Nikki say's it is a very common item in some places in Las Palmas which is in "Islas Canarias" (Canary Islands).
I did change the recipe though to suit what I have and staple ingredients in my pantry so it is a bit "Cubanized" but still maintains the elements of the Nikki's recipe.
If anyone is interested in the original recipe please visit Nikki's website, she has many wonderful recipes. She cooks all sorts of things to and they all look amazing and this recipe I got from her was MAGNIFICENT I will make it again for sure, it is one of those keepers along with "Nikki's Alioli"
So here is my altered version yet still very delicous
Ingredients:
-1 1/2 lbs. fish filets (whatever type you like that is firm Tilapia, Pollack, Catfish are all good choices in my opinion)
-2 cloves of garlic (mashed to a paste, or put through a garlic press)
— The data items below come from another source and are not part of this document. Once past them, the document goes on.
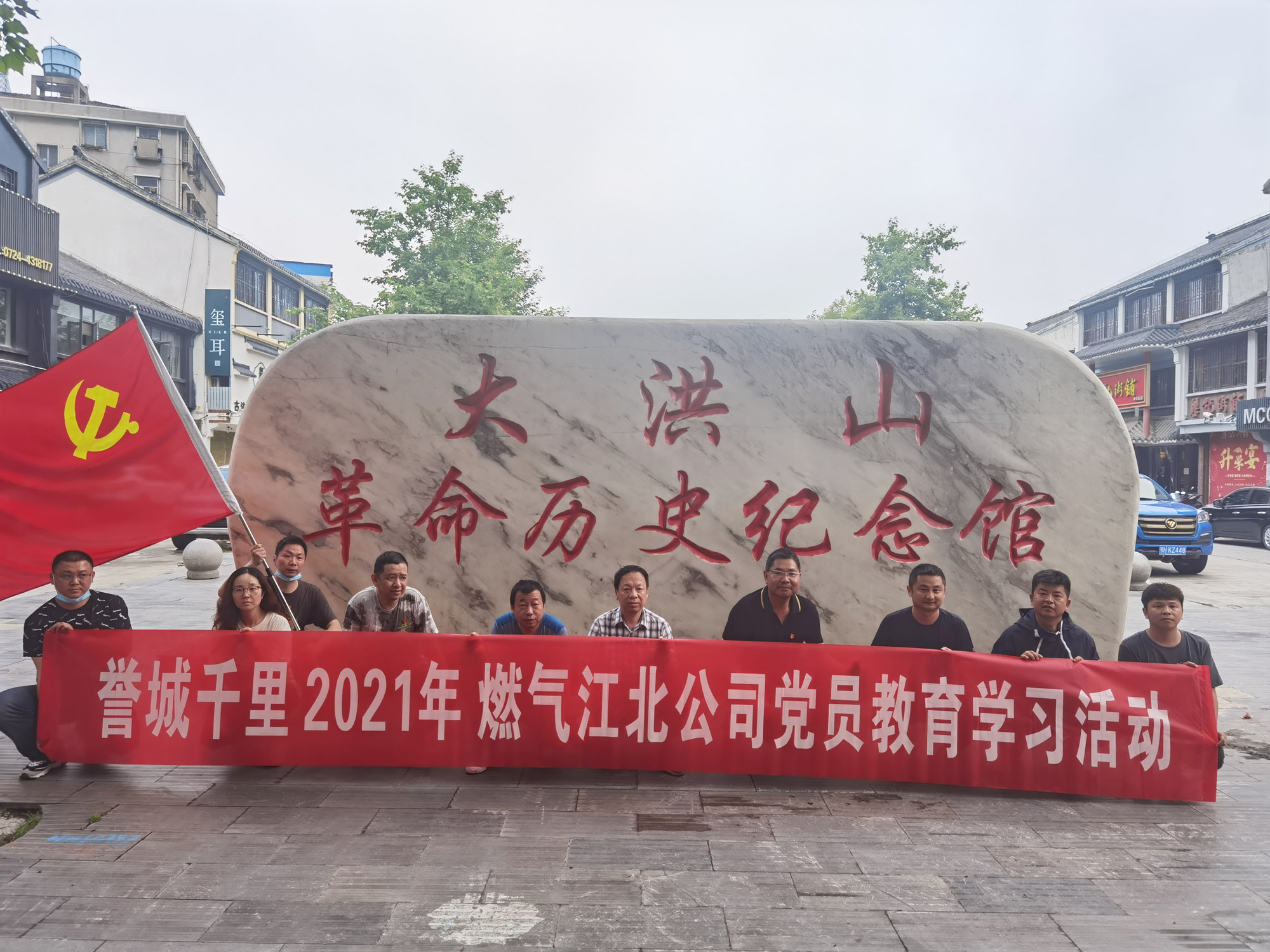 为迎接建党100周年,按照公司党委的总体部署,依据燃气江北公司党支部年度工作计划,燃气江北公司党支部组织全体党员,赴钟祥大洪山革命历史纪念馆,参观学习革命历史,缅怀革命先辈的丰功伟绩,感悟新四军及钟祥人民在中国共产党领导下的抗战历程。
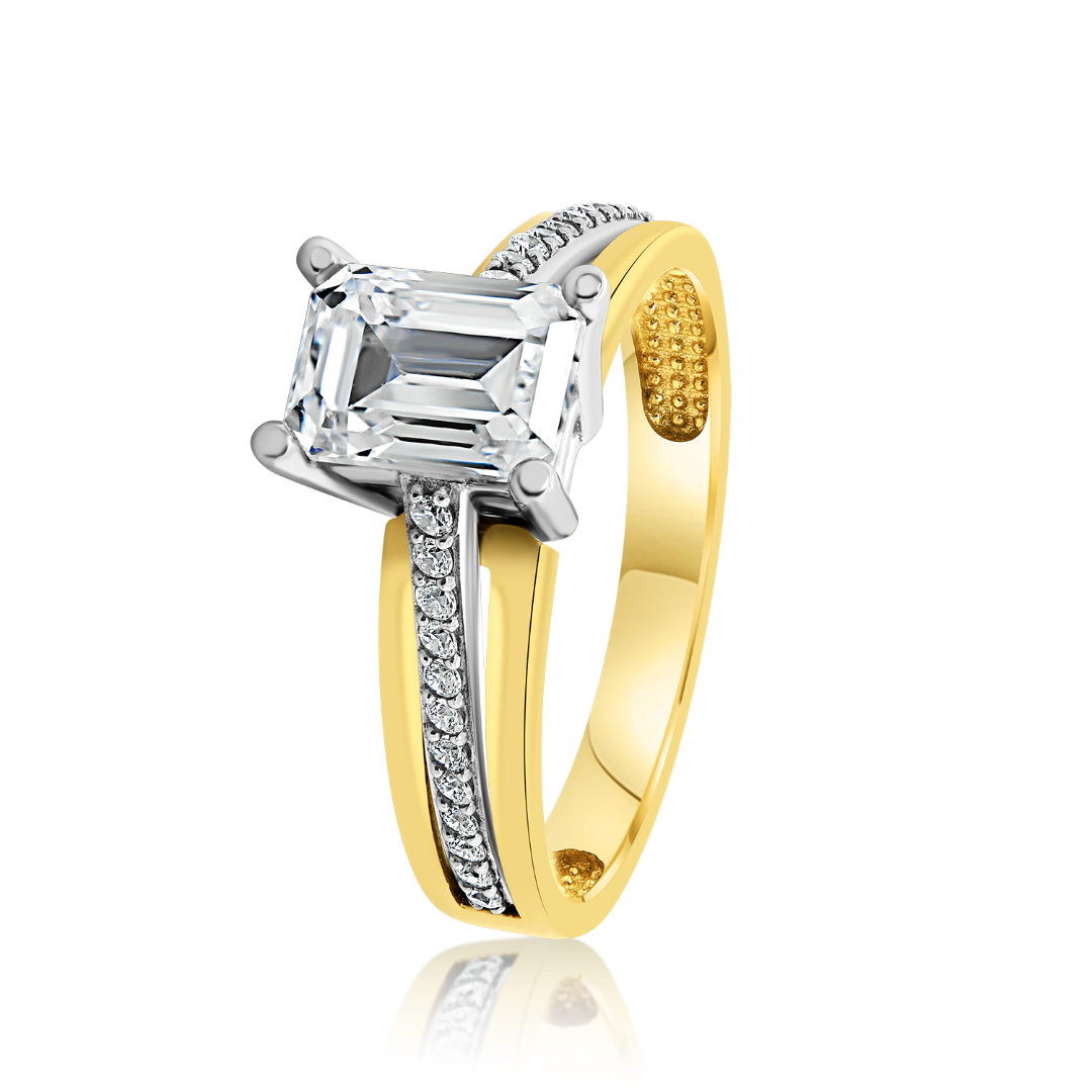 Inel din aur galben cu aur alb de 14K cu pietre Cubic Zirconia albe.
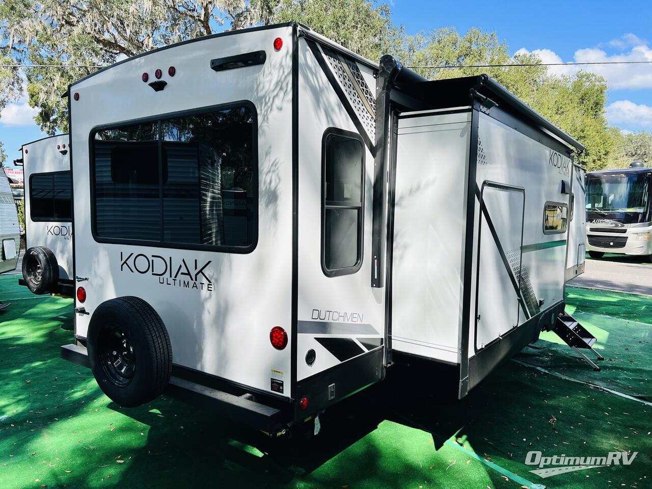 Each Kodiak Ultimate travel trailer by Dutchmen is constructed with an insulated reinforced front cap and diamond plate front rock guard to protect your RV from rock and debris on the way to the campground. The aluminum entry steps are not only dependably, but they collapse and expand quickly so you can get on the road in no-time! These models feature HyperDeck flooring that includes fiberglass reinforced thermoplastic and a fully enclosed underbelly, and the Bear Cave storage allows you to bring along all of your hiking and fishing gear. Some of the interior features you are sure to love are the modern decor choices, dual motion sensory bathroom LED lights, stainless kitchen sink with an apron front, plus a central control panel to easily keep track of your units functions. Your next adventure starts with a Kodiak Ultimate travel trailer!
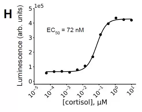 最后,将这个体系与NanoBiT荧光素酶报告系统融合。实验表明,该传感器仅在皮质醇存在时才会产生强烈的发光信号,其半最大效应浓度(EC50)约为72 nM(下图H),与测得的结合亲和力一致,且在没有皮质醇时背景信号很低。这成功验证了将设计蛋白转化为功能性生物传感器的可行性。
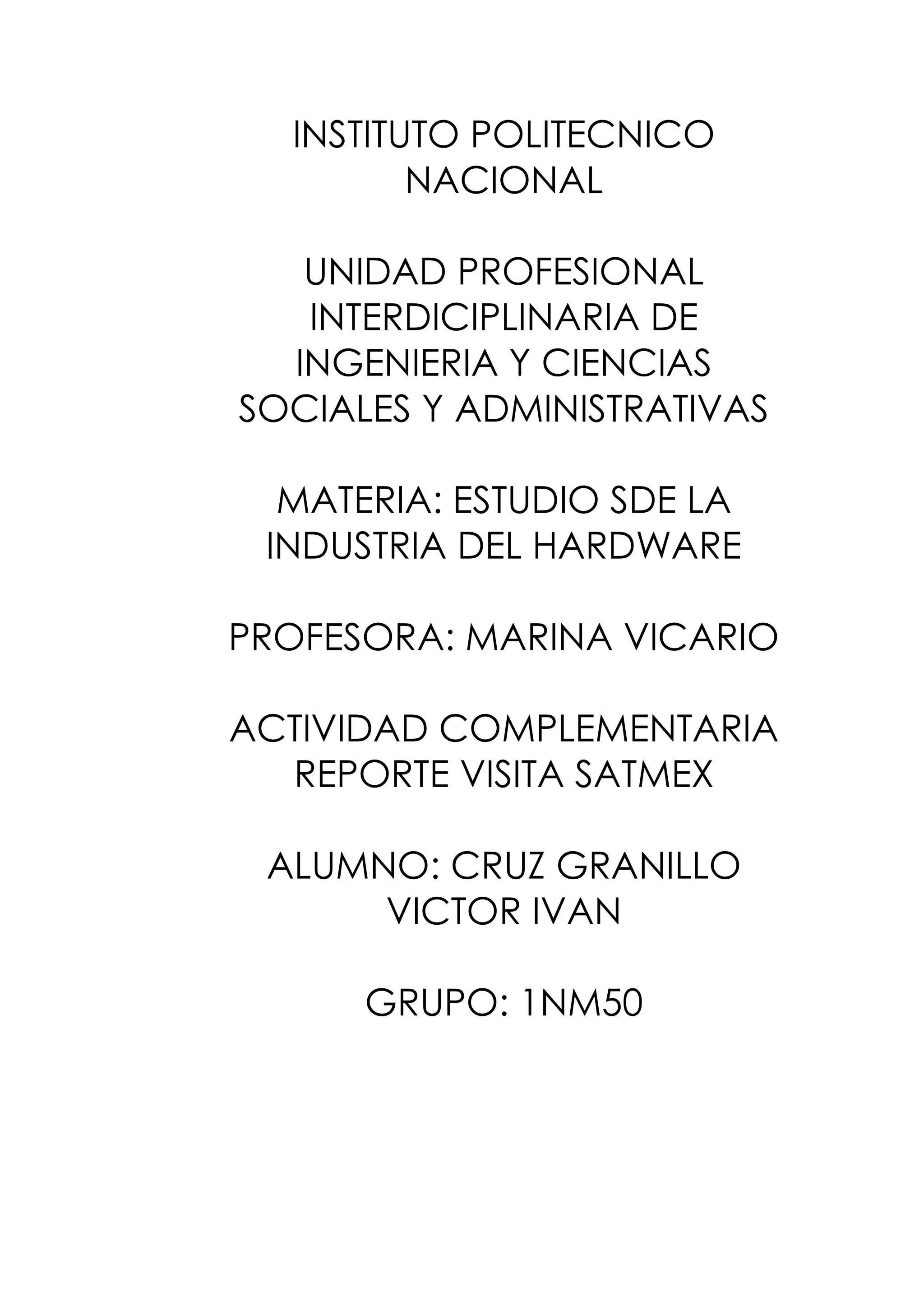 Este documento presenta un informe sobre una visita realizada al Centro de Operaciones Iztapalapa de Satmex. Se describe brevemente la historia y operaciones de Satmex, incluyendo los satélites que ha lanzado. La visita incluyó una explicación sobre los servicios y operaciones de Satmex, un tour por el área de monitoreo, y conversaciones sobre aspectos como la certificación de calidad y el perfil requerido para empleos en la compañía.
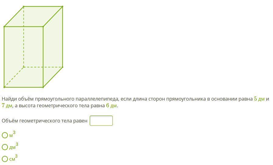 Найди объём прямоугольного параллелепипеда, если длина сторон прямоугольника в основании равна 5 дм и 7 дм, а высота геометрического тела равна 6 дм.
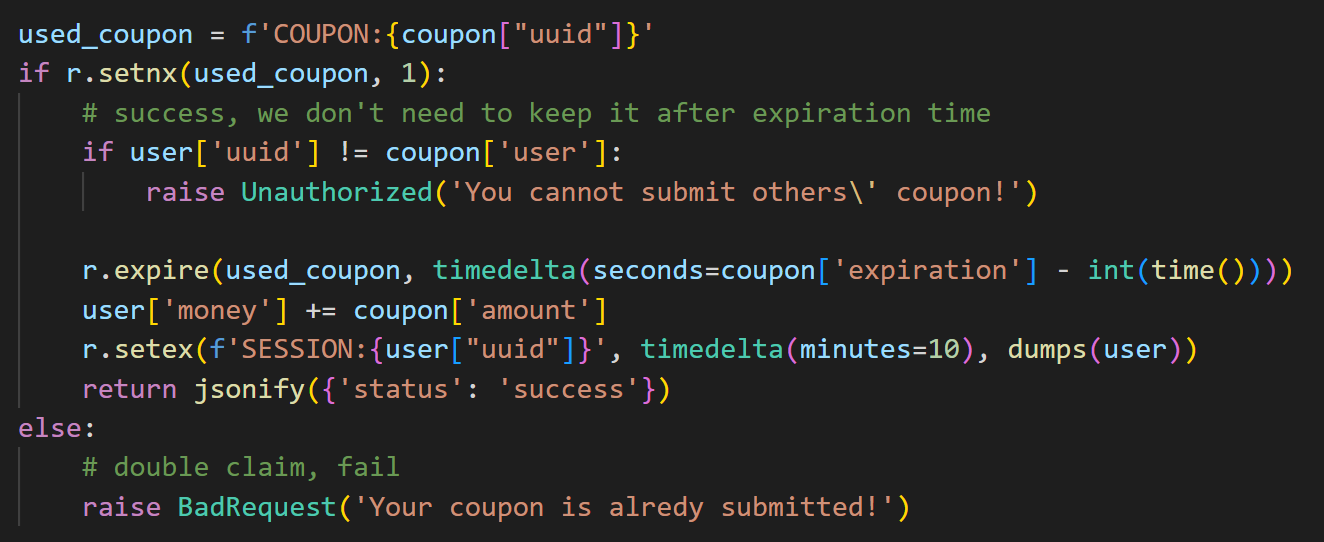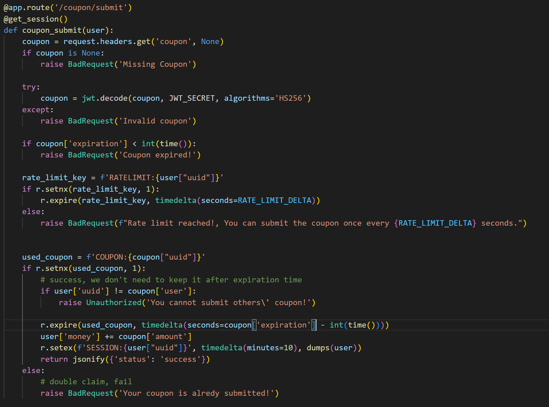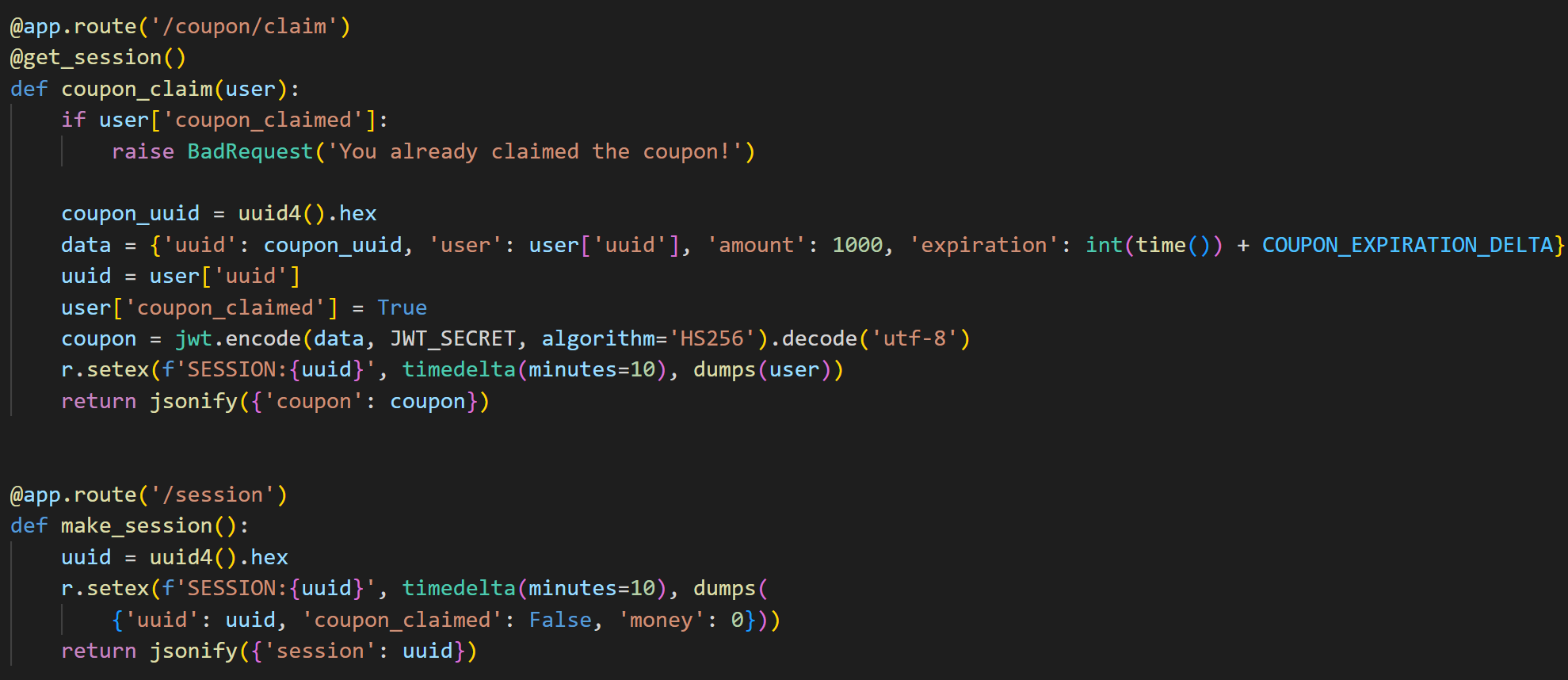 세션을 받아 그 세션으로 유저 정보를 갖고 와 쿠폰을 발급 받고 쿠폰을 사용하여, 자동으로 플래그를 구입하는 코드다.
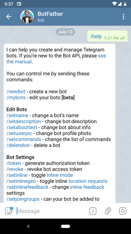 I spent a considerable amount of time figuring out how to make a functional telegram bot. I mean sure, the official introduction is good, but theres a lot of stuff about what bots are, and a few scattered instructions about the API, but not enough of structure for a beginner to get up and running quickly.
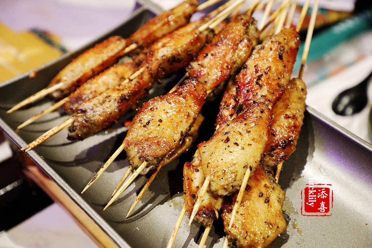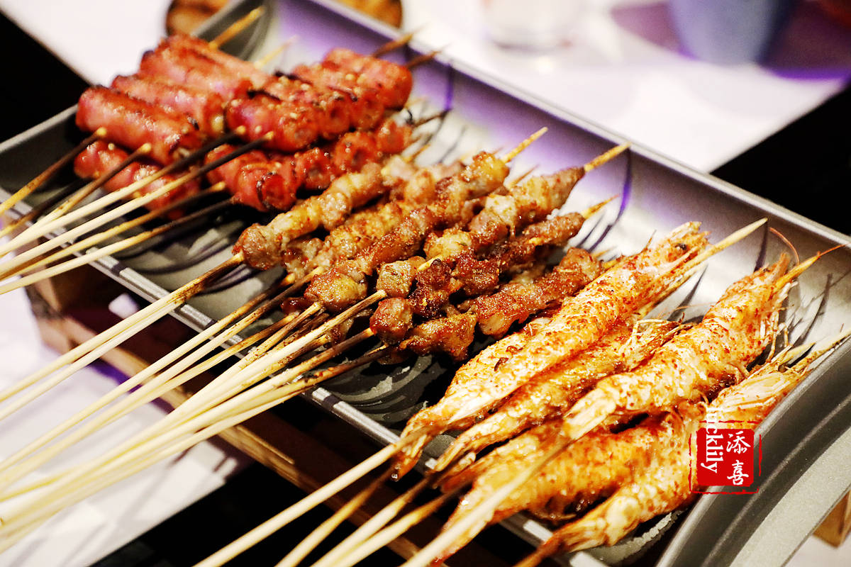 烤串的品种非常多,服务生会给桌上放上一个炉盘,然后依次送来烤串,这样烤串的就能一直保持着温度,培根卷、掌中宝、大虾、羊肉串、青柠鸡翅、面包、吐司……每样都烤制的相当诱人。

-1/4 cup about 1/2 a bunch finely minced cilantro
-1 teaspoon Bijol (achiote/ annatto seed powder bijol is a blend of achiote with a little cumin and yellow coloring in addition)
-1 teaspoon of salt
-1 teaspoon baking powder
-1 cup of all purpose flour
-about 1 1/2 cups of beer (buy a 12oz can or bottle I had a 40 oz bottle in my fridge haha, use enough beer to reach a pancake batter consistency)
-oil enough to pan-fry (in small batches)
Directions:
(1)Cut fish fillets into finger like strips and set aside.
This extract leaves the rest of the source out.